Exclusions from the Cost of Inventories:
In determining the cost of inventories in accordance with paragraph 6, it is appropriate to excluded certain costs and recognise them as expenses in the period in which they are incurred. Examples of such costs are:
(a) Abnormal amounts of wasted materials, labour, or other production costs;
(b) Storage costs, unless those costs are necessary in the production process prior to a further production stage;
(c) Administrative overheads that do not contribute to bringing the inventories to their present location and condition, and
(d) Selling and distribution costs.”
On a perusal of the aforesaid, we find that the selling and distribution costs, advertisement expense etc. are to be excluded from the cost of inventories as they do not contribute towards bringing the inventories to their present location and condition. Our aforesaid view that selling costs are no to be considered as a part of the project cost i.e.
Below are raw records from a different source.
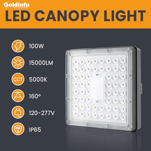 High Efficient Canopy Light: Our 100w led canopy light provide 15000lm with high brightness led chip, Large LED surface will deliver a larger and more efficient output lighting in led canopy lights outdoor usages ,idea for Garage Shop Gas Station Carport Warehouse etc.
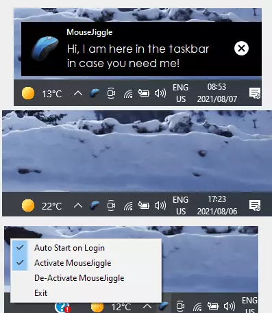 It does not have a standard interface because there are no major settings to deal with. As a result, double-clicking on the tray icon will not bring up the application’s window. Instead, right-click on it and set MouseJiggle to launch automatically when the current user logs in.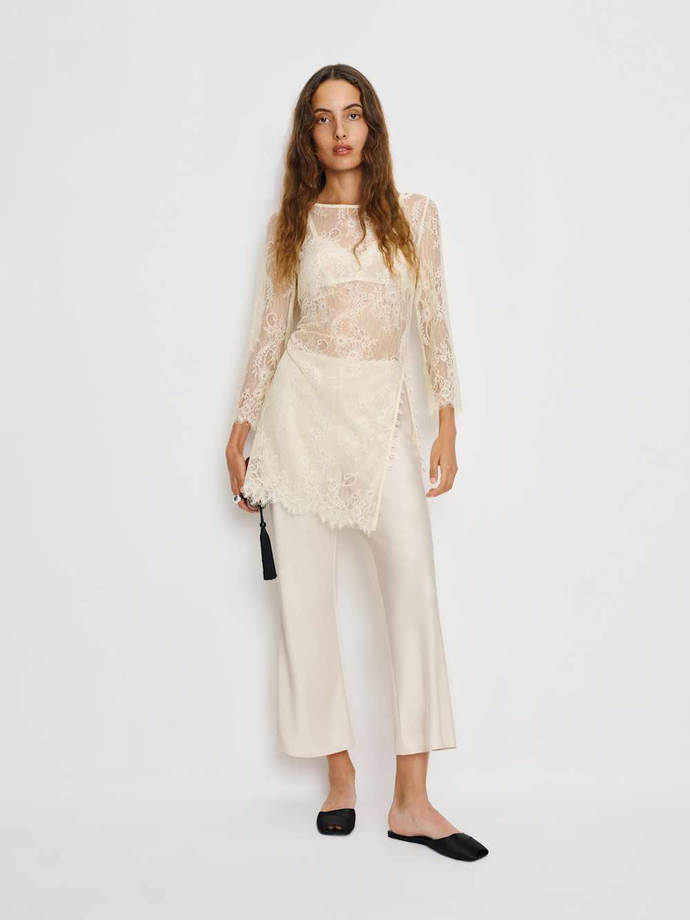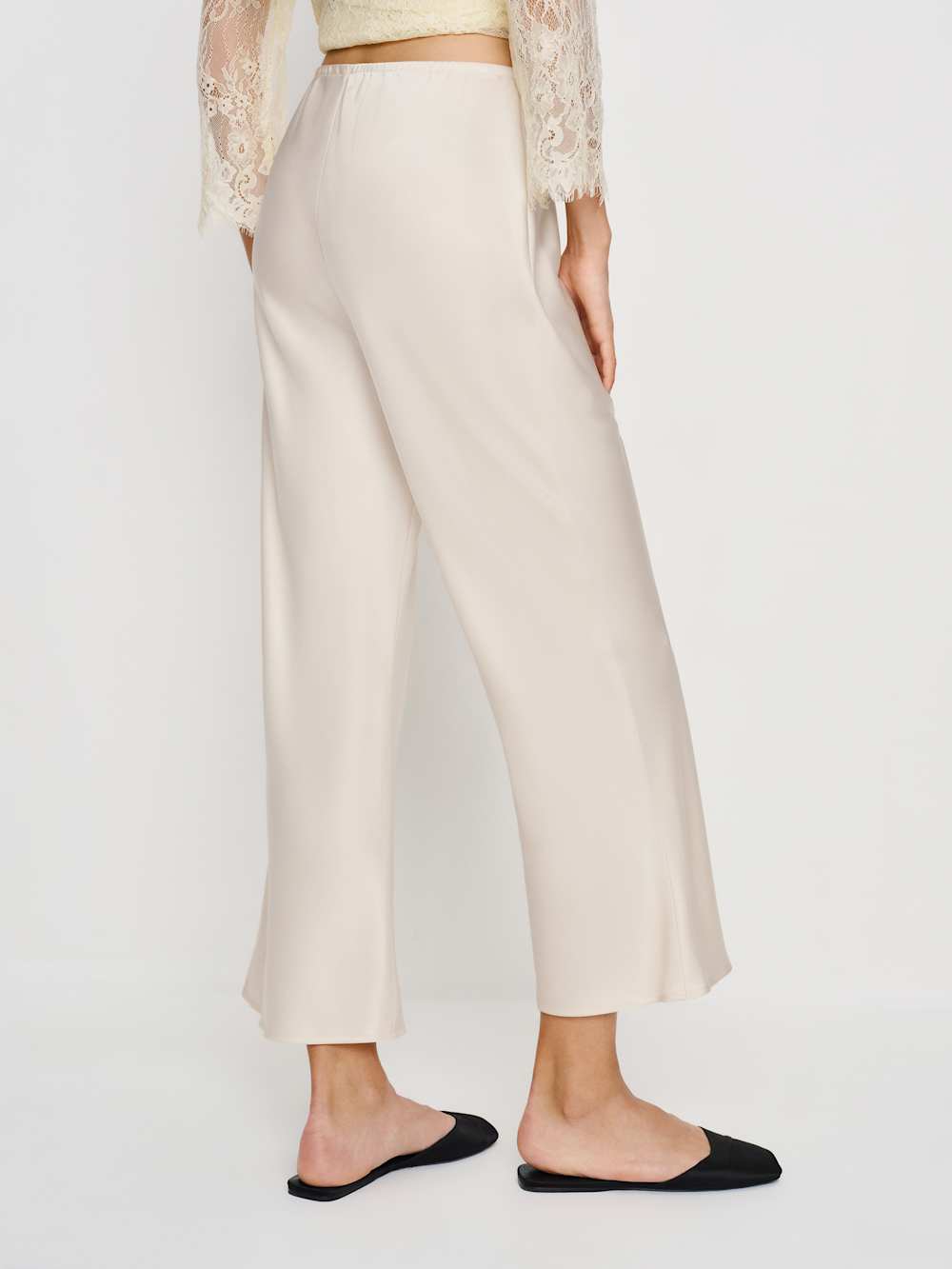 What do we have here? Shop the Gale Satin Mid Rise Capri Pant from Reformation, a mid-rise bias-cut pant with an elastic waistband and a cropped leg.
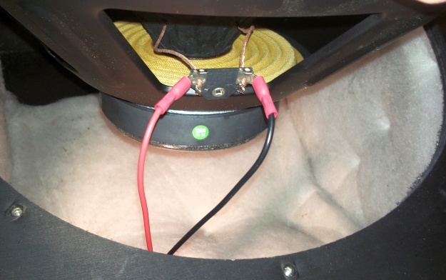 Wewnątrz obudowa jest lekko wytłumiona czymś, co przypomina watolinę – bez przesady, jak na bass-reflex przystało. Wszystko solidne, z użyciem złączek, no, może poza piezakiem, który zaufania wagą nie budzi, podłączony przez kondensator 1μF za wiele też nie gra – zresztą głównym powodem demontażu pieca było pozbycie się tego piezaka, bo nic nie daje tylko szumi 😉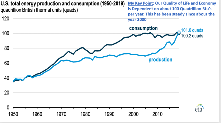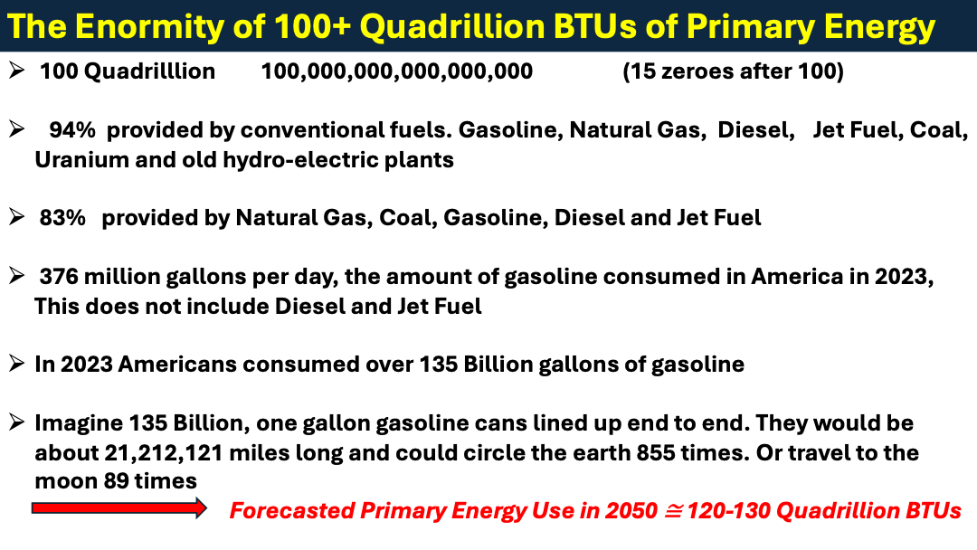 The public in general, has a very weak understanding of the generation of electricity and how it is managed. Therefore, I thought I would describe in understandable terms; primary energy, electricity and the enormity of 100 Quadrillion BTUs. Perhaps this will reach people and politicians that are otherwise unaware of the magnitude of the primary energy supplied by conventional forms of energy which we absolutely need to power our lives.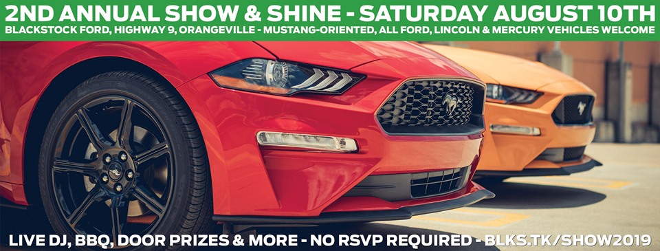 Blackstock Ford will be hosting it’s Second Annual Show and Shine at their dealership on Saturday from 11:00 am – 3:00 pm. This is a Mustang focused show but all Ford owners are welcome to stop by and show off their vehicles. There will be music, BBQ lunch and door prizes. For more information go to the Facebook event page.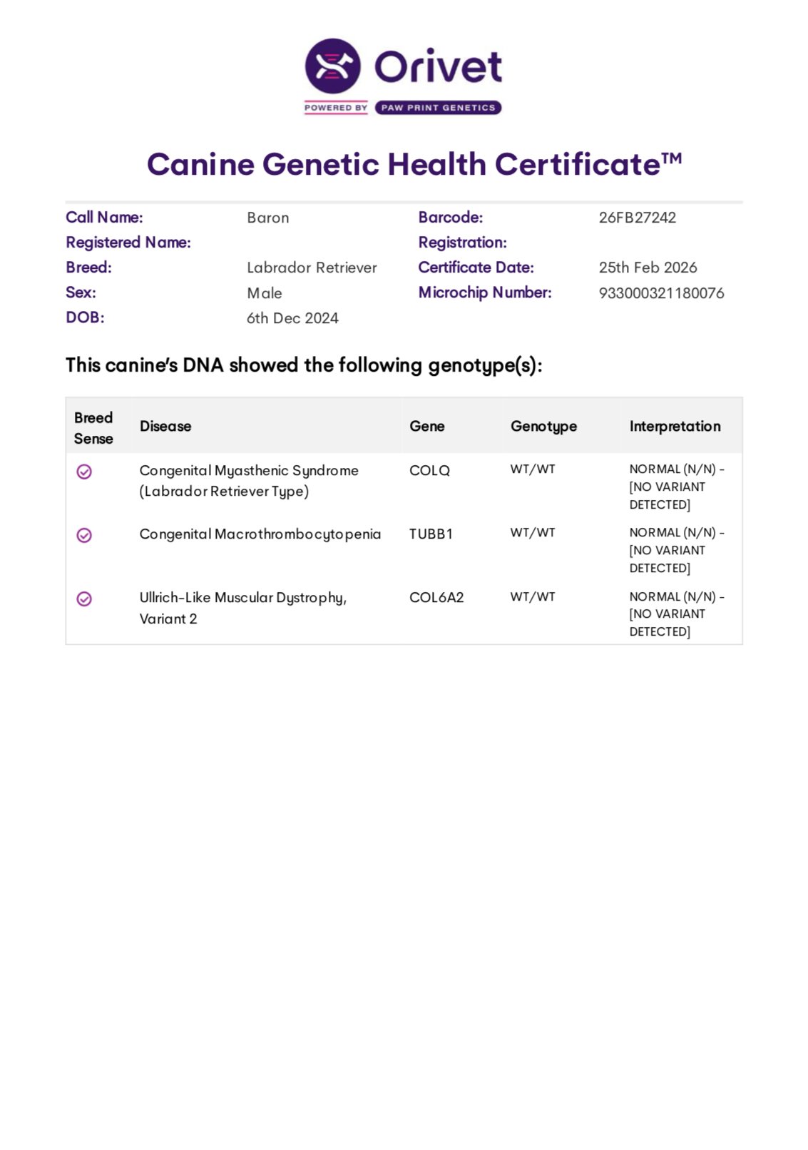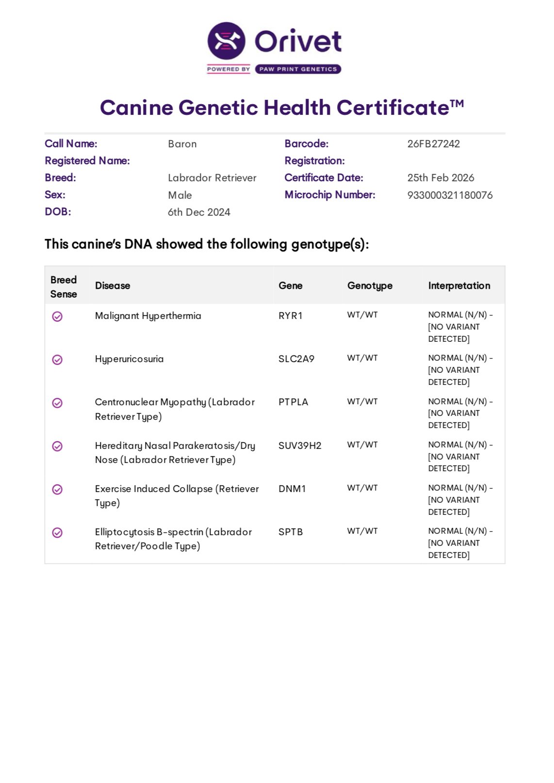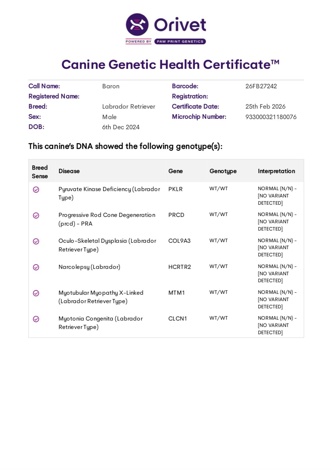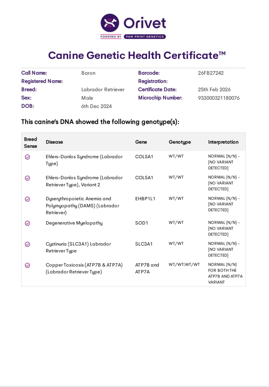 He’s been tested through Embark and is clear for all, including CM, DM, EIC, HNPK, PRA, and Skeletal Dysplasia. OFA Hips- Excellent, Elbows Normal.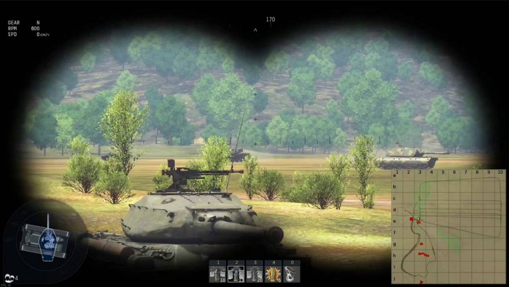 - Танки: у нас нет цветного креста, который помогает прицеливаться и определять дальность пробивания брони. Мы должны сами определить расстояние, а затем соответствующим образом поднять прицел, чтобы поразить врага. Также нет маркера вражеской техники. В этом режиме мы также играем против самолетов, управляемых игроком.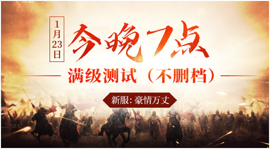 热血、激情、为战而生!《天子剑》满级测试(不删档)新服【豪情万丈】将于今晚7点正式开启啦!战友们,你们准备好了吗?我们的激情需要释放,我们的热血需要抛洒,你还在等什么呢?

WIP cost is also supported by the “Guidance Note on Accounting for Real Estate Transactions” (Revised 2012) wherein at Para 2.4(b) it is provided that selling costs are not to be considered as part of the construction costs and development costs. Further, we find that the Hon’ble High Court of Delhi in the case of Gopal Das Estates & Housing (P) Ltd. v. CIT , had observed, that that the expenditure incurred on advertising being necessary for promotion of its business is to be allowed as a business expenditure and would not form part of the project cost.”
(Emphasized by us)
7. The Co-ordinate Bench after considering Accounting Standard 2, decision of Hon’ble Delhi High Court and various other decisions, concluded that advertisement and sales promotion expenses incurred by assessee engaged in real estate development are allowable as revenue expenditure u/s 37(1) of the Act.”
12. Adverting to the case relied upon by the Department whichneed to beappreciated on facts and law, the analogy drawn on a composite reading of the aforesaid case laws and accounting principles, suggests that the expenditure directly attributed to project to bring the inventories to their present location and condition would be the part of WIP, but the expenditure incurred being necessary for promotion of business or which do not directly contribute to bring the inventories to their present location and condition are allowable as revenue expenditure in the year in which it has been expended.
13. In backdrop of aforesaid facts and circumstances and jurisprudence, we are of the considered opinion that the expenditure incurred which are not necessarily paid exclusively to bring the inventories to their present location and condition but are general in nature for promotion of the business, the same are allowable as Business Expenditure and would not form part of the project cost, therefore the contentions of the revenue to add it for enhancement or work-in-progress would not succeed. In present case the expenditure for Advertisement, Business Promotion and Commission to agents are in promotionaland general in nature but not contributing to bring the inventories to their present location and condition.Whereas, the expenditure made for loan processing charges and security expenses are project specific, therefore these would constitute the expenditure necessary to bring the inventories to their present location and condition,accordingly, are to be added in the work-in-progress.
14. In sum and substance, the first three expenditure i.e. Advertisement, Business Promotion and commission would be allowed to assessee as Business Expenditure in the year in which it has been incurred and would not form part of project cost, whereas the project specific and direct expenditure i.e. loan processing charges and security expenses would be added to the WIP of the assessee under Project Completion Method of Accounting.
15. In terms of aforesaid observations, the grounds of appeal raised by the assessee are partly allowed by allowing the particular expenditures to be treated as revenue expenditure and remaining to be capitalized under WIP.
16. In result, the instant appeal of the assessee is partly allowed, in terms of our aforesaid observations.